Mr Farage was convinced that Ms Le Pen was going to win and had said that she was "looking pretty fit” after having “lost weight”. Simon Richards, of the “Freedom Association” also looked at the feminine angle, focusing on the age difference between Mr Macron and his wife: “he evidently likes older women, so he’ll make an excellent lapdog for Angela Merkel”.
Downing Street issued a statement “ warmly congratulating” the President-elect, adding “ France is one of our closest allies and we look forward to working with the new president on a wide range of shared priorities.” Mr Macron and his team will remember that when he was being congratulated by Angela Merkel and other European leaders, after winning the first round against Ms Le Pen, No 10 insisted that it was remaining neutral between the two candidates.
Theresa May maintained that the Le Touquet agreement benefited France as well as Britain and that she will sit down with Mr Macron in the future to discuss the issue. Meanwhile, she asked the British electorate to give her as large a mandate in the UK general election as Mr Macron has received in France.
It is also domestic politics which will be of immediate concern to Mr Macron. His En Marche! movement is not a political party and he will have to start a power base from scratch in parliamentary elections taking place in June. As well as his supporters winning seats, the new President will have to do deals with other parties form a governing alliance.
Opinion polls published after yesterday’s election indicated that Mr Macron and his allies would come out on top in the first round on 11 June with up to 26 per cent of the vote. The right wing Republicans and the Front National will get around 22 per cent, the far-left up to 15 per cent, and the socialists about nine per cent.
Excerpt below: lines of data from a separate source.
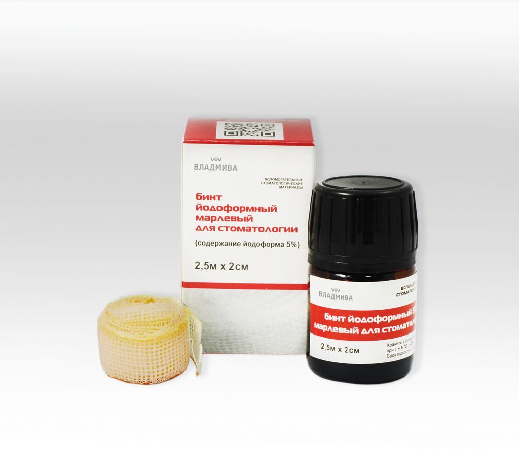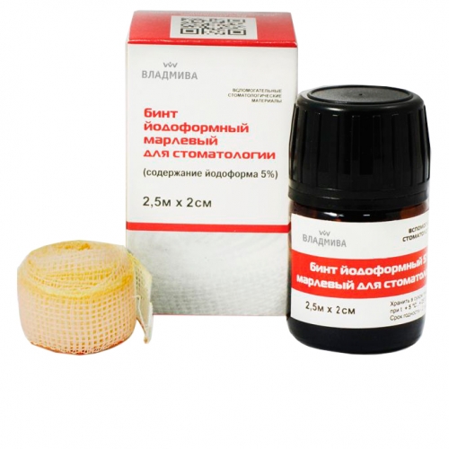 Иодоформный бинт 2,5м х 20 мм, ВладМиВа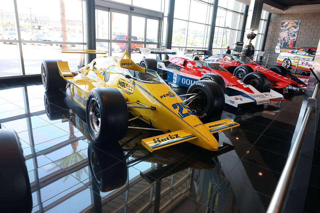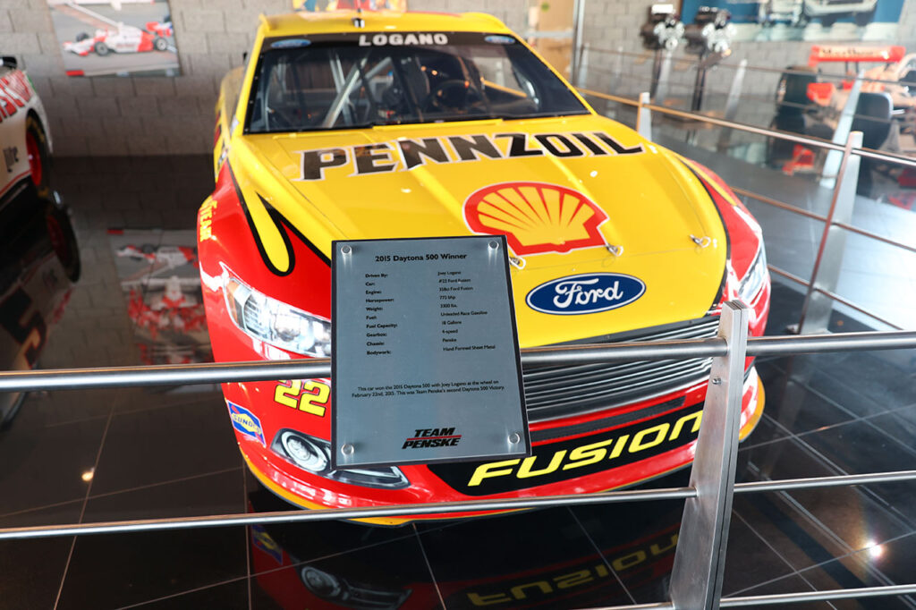 Après ce demi échec, nous revenons à l’hôtel. Enfin pas tout à fait. Nous serons littéralement de l’autre côté de la rue au Penske Racing Museum. Comme son nom l’indique c’est un petit musée qui regroupe quelques unes des voitures des écuries Penske de Nascar et d’Indy Car. Pour faire un parallèle avec la F1, imaginez qu’une écurie comme Ferrari ouvre un musée regroupant la plupart des voitures de courses victorieuses dans différentes séries.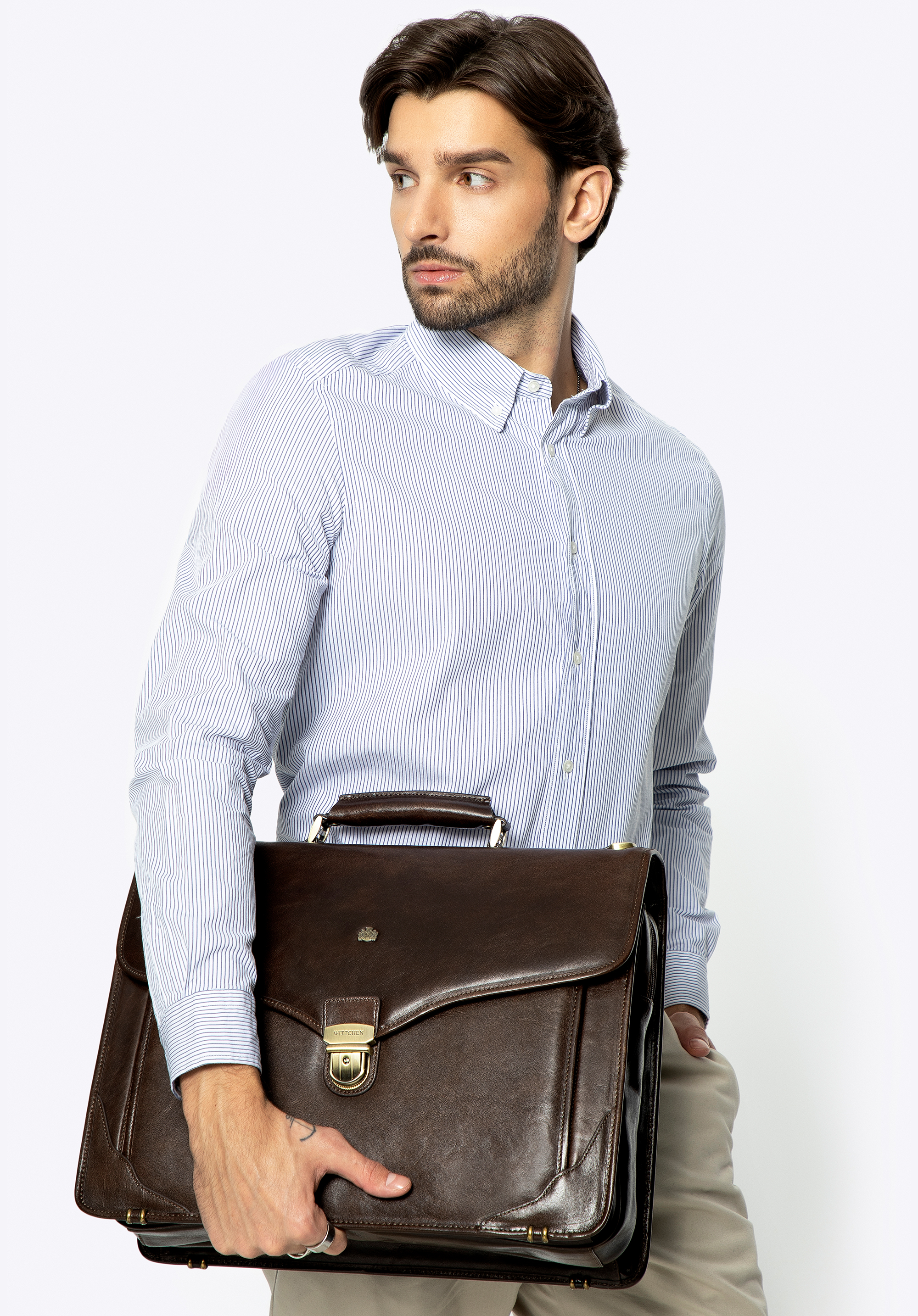 Шкіряний портфель для документів ручної роботи з міцної, м''яко мерехтливої телячої шкіри-це пропозиція для людини, яка цінує високу якість. Раціональне розподіл на перегородки дозволяє підтримувати бажаний порядок.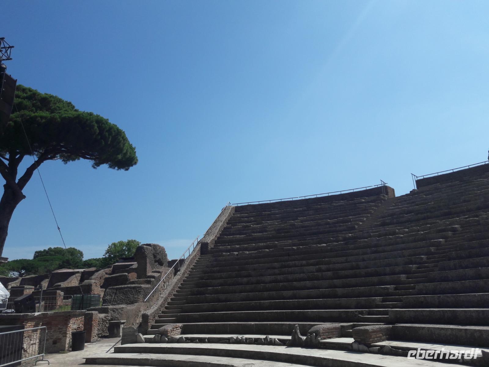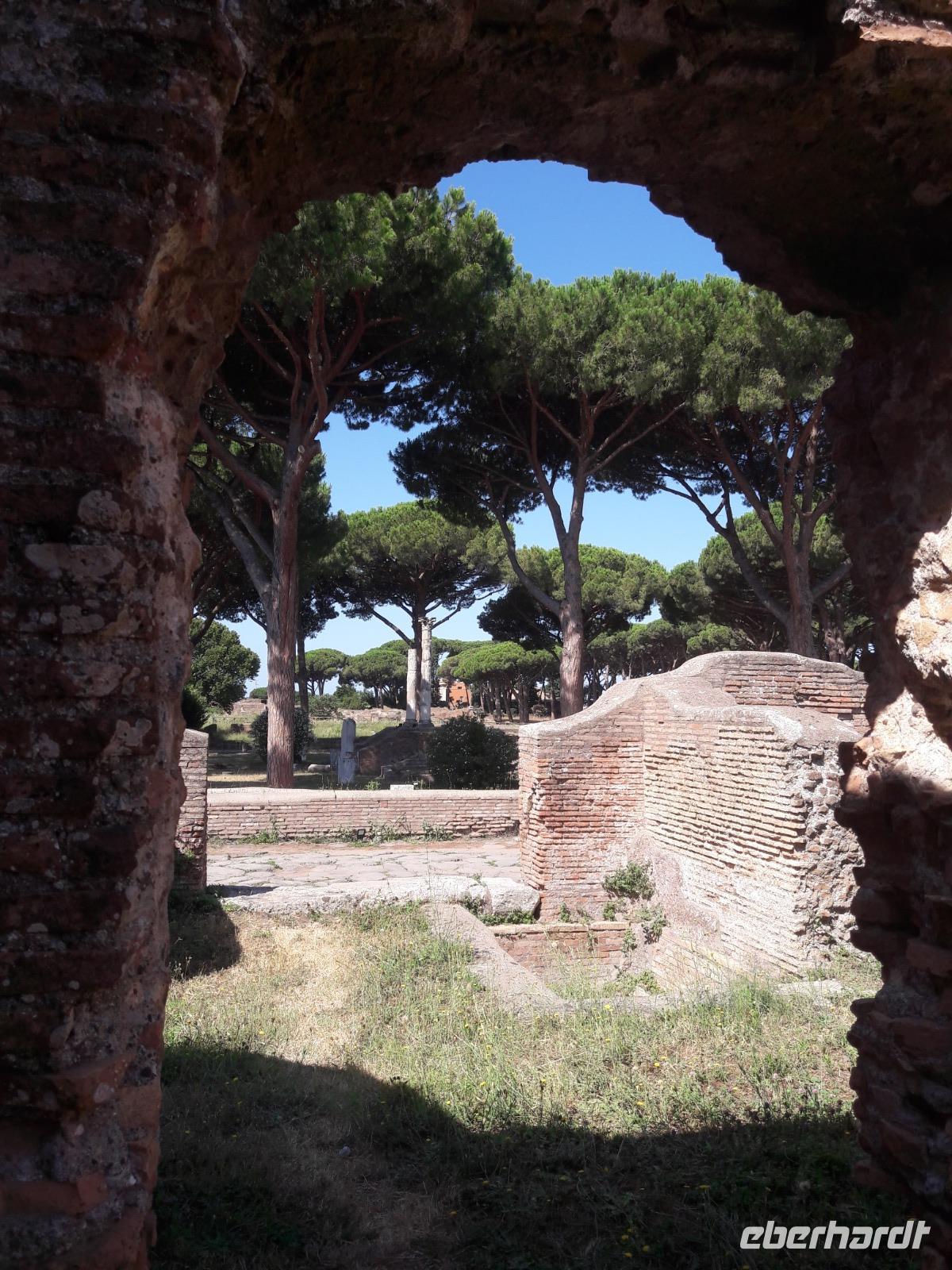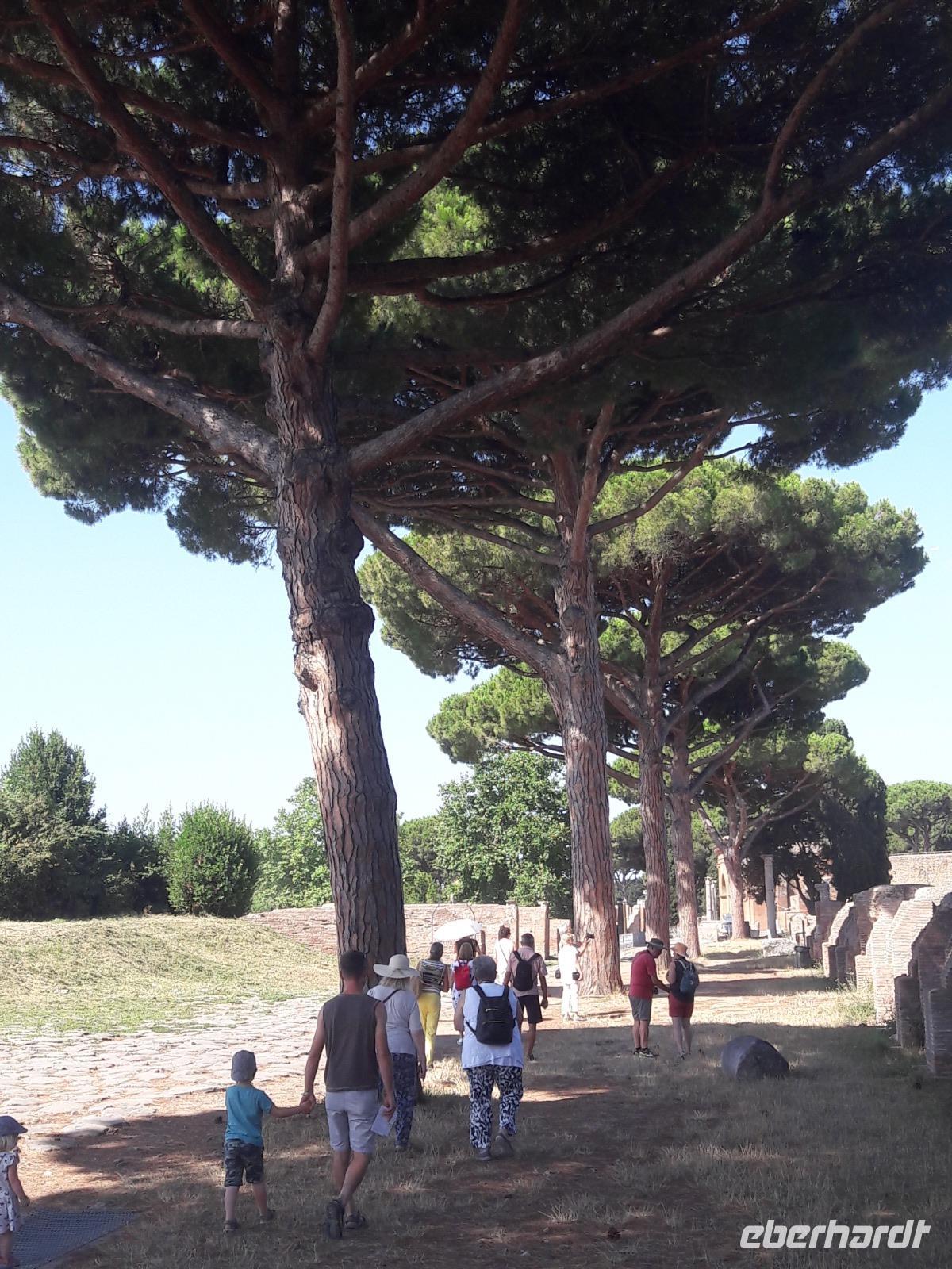 Und wo können wir das besser als in Rom, speziell in Ostia Antica. Dahin machen wir uns an diesem Morgen auf den Weg. Wir fahren zunächst mit der Metro und dann mit einem Vorortzug Richtung Meer. An diesem herrlichen Sommertag würden wir uns ehrlich gesagt auch gern einmal in „die Fluten" werfen, doch Sylvia wartet auf uns nur wenige Kilometer vom Meer entfernt, in Ostia Antica. Über 600 Jahre war Ostia, hervorgegangen aus einer kleinen Ansiedlung an der Mündung (ostium) des Tibers, der Haupthafen Roms. In fünf Jahrhunderten erreichte Ostia die Dimensionen einer bedeutenden Stadt (ca. 75.000 Einwohner). In den ersten drei Jahrhunderten n. Chr. erlebte die Stadt ihre Blütezeit. Das Sumpffieber und die Rivalität mit dem Hafen Portus läuteten im 5. Jahrhundert n. Chr. den Niedergang des Hafens ein, das völlige Aus brachte das 9./10. Jahrhundert n.Chr..

But Mr Macron, who started the presidential race four months ago polling a distant third, supposedly a certain loser, has momentum on his side and may well do better than expected. As for the Front National, it is starting an inquest into what went wrong with measures being considered including rethinking key strategies and even changing its name. There is, however, growing consensus on one point – that Ms Le Pen committed major blunder with her strident anti-EU and anti-Euro stance.